Fashion & Beauty

Sylvie Millstein launches hot new line, Hellessy

Lined up in a panel of windows across Sylvie Millstein’s sprawling floor-through Soho apartment are key pieces from her fledgling sportswear line, Hellessy.

The racks hold dozens of cleanly cut separates in a mostly neutral palette — black, creams and pinky beiges, with only a few patterned pieces.

The line, celebrating its second year come November, is essential chic — a style honed during the designer’s years as a Chanel exec, but also innate to the half-Japanese, Paris-born Millstein.

Hellessy Fall Winter 2014. Designer Sylvie Millstein pictured above.

“I was obsessed with working for Chanel. And I knew the safest way to enter a big house like Chanel was to get the best diploma you can,” says Millstein, 40, dressed for a weekday afternoon in her own designs, her long blond hair flowing over a sleeveless black top paired with leather pants and wedges that vault her tiny frame another five inches.

“So I went to business school and studied economics and marketing,” she says.

After finishing at Hautes Études Commerciales de Paris (think Wharton, en français) in 1996, she worked for Givenchy while Alexander McQueen was still designing for the house.

Then on to Chanel, where she worked for nine years, eventually as the head marketer in Japan.

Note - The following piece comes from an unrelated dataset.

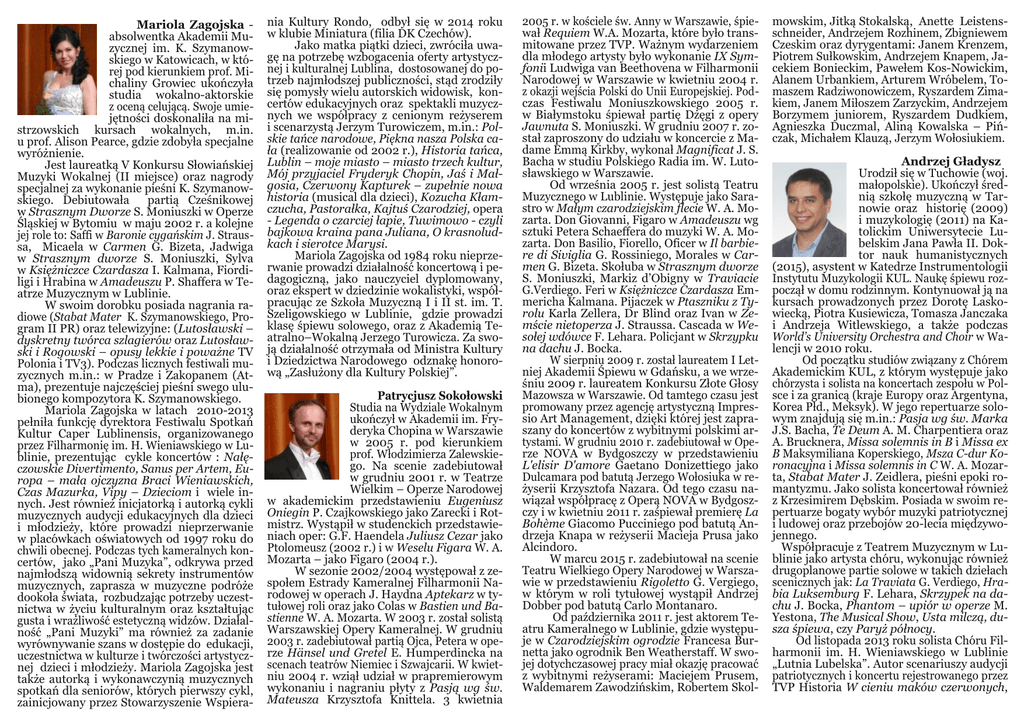 Mariola Zagojska absolwentka Akademii Mu zycznej im. K. Szymanow skiego w Katowicach, w któ rej pod kierunkiem prof. Mi chaliny Growiec ukończyła studia wokalnoaktorskie z oceną celującą. Swoje umie jętności doskonaliła na mi strzowskich kursach wokalnych, m.in. u prof. Alison Pearce, gdzie zdobyła specjalne wyróżnienie. Jest laureatką V Konkursu Słowiańskiej Muzyki Wokalnej (II miejsce) oraz nagrody specjalnej za wykonanie pieśni K. Szymanow skiego. Debiutowała partią Cześnikowej w Strasznym Dworze S. Moniuszki w Operze Śląskiej w Bytomiu w maju 2002 r. a kolejne jej role to: Saffi w Baronie cygańskim J. Straus sa, Micaela w Carmen G. Bizeta, Jadwiga w Strasznym dworze S. Moniuszki, Sylva w Księżniczce Czardasza I. Kalmana, Fiordi ligi i Hrabina w Amadeuszu P. Shaffera w Te atrze Muzycznym w Lublinie. W swoim dorobku posiada nagrania ra diowe (Stabat Mater K. Szymanowskiego, Pro gram II PR) oraz telewizyjne: (Lutosławski – dyskretny twórca szlagierów oraz Lutosław ski i Rogowski – opusy lekkie i poważne TV Polonia i TV3). Podczas licznych festiwali mu zycznych m.in.: w Pradze i Zakopanem (At ma), prezentuje najczęściej pieśni swego ulu bionego kompozytora K. Szymanowskiego. Mariola Zagojska w latach 20102013 pełniła funkcję dyrektora Festiwalu Spotkań Kultur Caper Lublinensis, organizowanego przez Filharmonię im. H. Wieniawskiego w Lu blinie, prezentując cykle koncertów : Nałę czowskie Divertimento, Sanus per Artem, Eu ropa – mała ojczyzna Braci Wieniawskich, Czas Mazurka, Vipy – Dzieciom i wiele in nych. Jest również inicjatorką i autorką cykli muzycznych audycji edukacyjnych dla dzieci i młodzieży, które prowadzi nieprzerwanie w placówkach oświatowych od 1997 roku do chwili obecnej. Podczas tych kameralnych kon certów, jako „Pani Muzyka”, odkrywa przed najmłodszą widownią sekrety instrumentów muzycznych, zaprasza w muzyczne podróże dookoła świata, rozbudzając potrzeby uczest nictwa w życiu kulturalnym oraz kształtując gusta i wrażliwość estetyczną widzów. Działal ność „Pani Muzyki” ma również za zadanie wyrównywanie szans w dostępie do edukacji, uczestnictwa w kulturze i twórczości artystycz nej dzieci i młodzieży. Mariola Zagojska jest także autorką i wykonawczynią muzycznych spotkań dla seniorów, których pierwszy cykl, zainicjowany przez Stowarzyszenie Wspiera nia Kultury Rondo, odbył się w 2014 roku w klubie Miniatura (filia DK Czechów). Jako matka piątki dzieci, zwróciła uwa gę na potrzebę wzbogacenia oferty artystycz nej i kulturalnej Lublina, dostosowanej do po trzeb najmłodszej publiczności, stąd zrodziły się pomysły wielu autorskich widowisk, kon certów edukacyjnych oraz spektakli muzycz nych we współpracy z cenionym reżyserem i scenarzystą Jerzym Turowiczem, m.in.: Pol skie tańce narodowe, Piękna nasza Polska ca ła (realizowanie od 2002 r.), Historia tańca, Lublin – moje miasto – miasto trzech kultur, Mój przyjaciel Fryderyk Chopin, Jaś i Mał gosia, Czerwony Kapturek – zupełnie nowa historia (musical dla dzieci), Kozucha Kłam czucha, Pastorałka, Kajtuś Czarodziej, opera Legenda o czarciej łapie, Tuwimowo czyli bajkowa kraina pana Juliana, O krasnolud kach i sierotce Marysi. Mariola Zagojska od 1984 roku nieprze rwanie prowadzi działalność koncertową i pe dagogiczną, jako nauczyciel dyplomowany, oraz ekspert w dziedzinie wokalistyki, współ pracując ze Szkoła Muzyczną I i II st. im. T. Szeligowskiego w Lublinie, gdzie prowadzi klasę śpiewu solowego, oraz z Akademią Te atralno–Wokalną Jerzego Turowicza. Za swo ją działalność otrzymała od Ministra Kultury i Dziedzictwa Narodowego odznakę honoro wą „Zasłużony dla Kultury Polskiej”. Patrycjusz Sokołowski Studia na Wydziale Wokalnym ukończył w Akademii im. Fry deryka Chopina w Warszawie w 2005 r. pod kierunkiem prof. Włodzimierza Zalewskie go. Na scenie zadebiutował w grudniu 2001 r. w Teatrze Wielkim – Operze Narodowej w akademickim przedstawieniu Eugeniusz Oniegin P. Czajkowskiego jako Zarecki i Rot mistrz. Wystąpił w studenckich przedstawie niach oper: G.F. Haendela Juliusz Cezar jako Ptolomeusz (2002 r.) i w Weselu Figara W. A. Mozarta – jako Figaro (2004 r.). W sezonie 2002/2004 występował z ze społem Estrady Kameralnej Filharmonii Na rodowej w operach J. Haydna Aptekarz w ty tułowej roli oraz jako Colas w Bastien und Ba stienne W. A. Mozarta. W 2003 r. został solistą Warszawskiej Opery Kameralnej. W grudniu 2003 r. zadebiutował partią Ojca, Petera w ope rze Hänsel und Gretel E. Humperdincka na scenach teatrów Niemiec i Szwajcarii. W kwiet niu 2004 r. wziął udział w prapremierowym wykonaniu i nagraniu płyty z Pasją wg św. Mateusza Krzysztofa Knittela. 3 kwietnia 2005 r. w kościele św. Anny w Warszawie, śpie wał Requiem W.A. Mozarta, które było trans mitowane przez TVP. Ważnym wydarzeniem dla młodego artysty było wykonanie IX Sym fonii Ludwiga van Beethovena w Filharmonii Narodowej w Warszawie w kwietniu 2004 r. z okazji wejścia Polski do Unii Europejskiej. Pod czas Festiwalu Moniuszkowskiego 2005 r. w Białymstoku śpiewał partię Dżęgi z opery Jawnuta S. Moniuszki. W grudniu 2007 r. zo stał zaproszony do udziału w koncercie z Ma dame Emmą Kirkby, wykonał Magnificat J. S. Bacha w studiu Polskiego Radia im. W. Luto sławskiego w Warszawie. Od września 2005 r. jest solistą Teatru Muzycznego w Lublinie. Występuje jako Sara stro w Małym czarodziejskim flecie W. A. Mo zarta. Don Giovanni, Figaro w Amadeuszu wg sztuki Petera Schaeffera do muzyki W. A. Mo zarta. Don Basilio, Fiorello, Oficer w Il barbie re di Siviglia G. Rossiniego, Morales w Car men G. Bizeta. Skołuba w Strasznym dworze S. Moniuszki, Markiz d’Obigny w Traviacie G.Verdiego. Feri w Księżniczce Czardasza Em mericha Kalmana. Pijaczek w Ptaszniku z Ty rolu Karla Zellera, Dr Blind oraz Ivan w Ze mście nietoperza J. Straussa. Cascada w We sołej wdówce F.

She met her husband, financier Lee Millstein, in Tokyo, and in 2006 the couple moved to New York, where they proceeded to have two kids.

Family life inspired her fashion endeavor: Hellessy is named for her two sons, Hendrix and Lennox.

“My husband didn’t make the cut!” laughs Millstein.

She says her designs are made for a busy woman like herself, who needs to get from school pickup to a dinner party in one fell swoop of a killer outfit.

Hellessy Fall Winter 2014

That could mean an ultraskinny leather jacket, a knee-length tunic over pants or a blouse vented up to the midback.

The sleek separates are of a feather with the simplicity of Stella McCartney or Phoebe Philo for Céline, but Hellessy’s coup de vogue is knitwear, which luxury department stores such as Barneys and Harrods stock and sell in piles.

One of her standout fall pieces is a sweater jacket made from what seems like pounds of cashmere. Straightforward elegance is fitting for a designer who says her singular pet fashion peeve is being a fashion victim — “c’est le faux pas,” she says.

Knowing yourself, explains Millstein, is the most important step to looking good.

“Don’t try to force anything, don’t force yourself to explore something that doesn’t work for you,” she advises. “Find your own style.”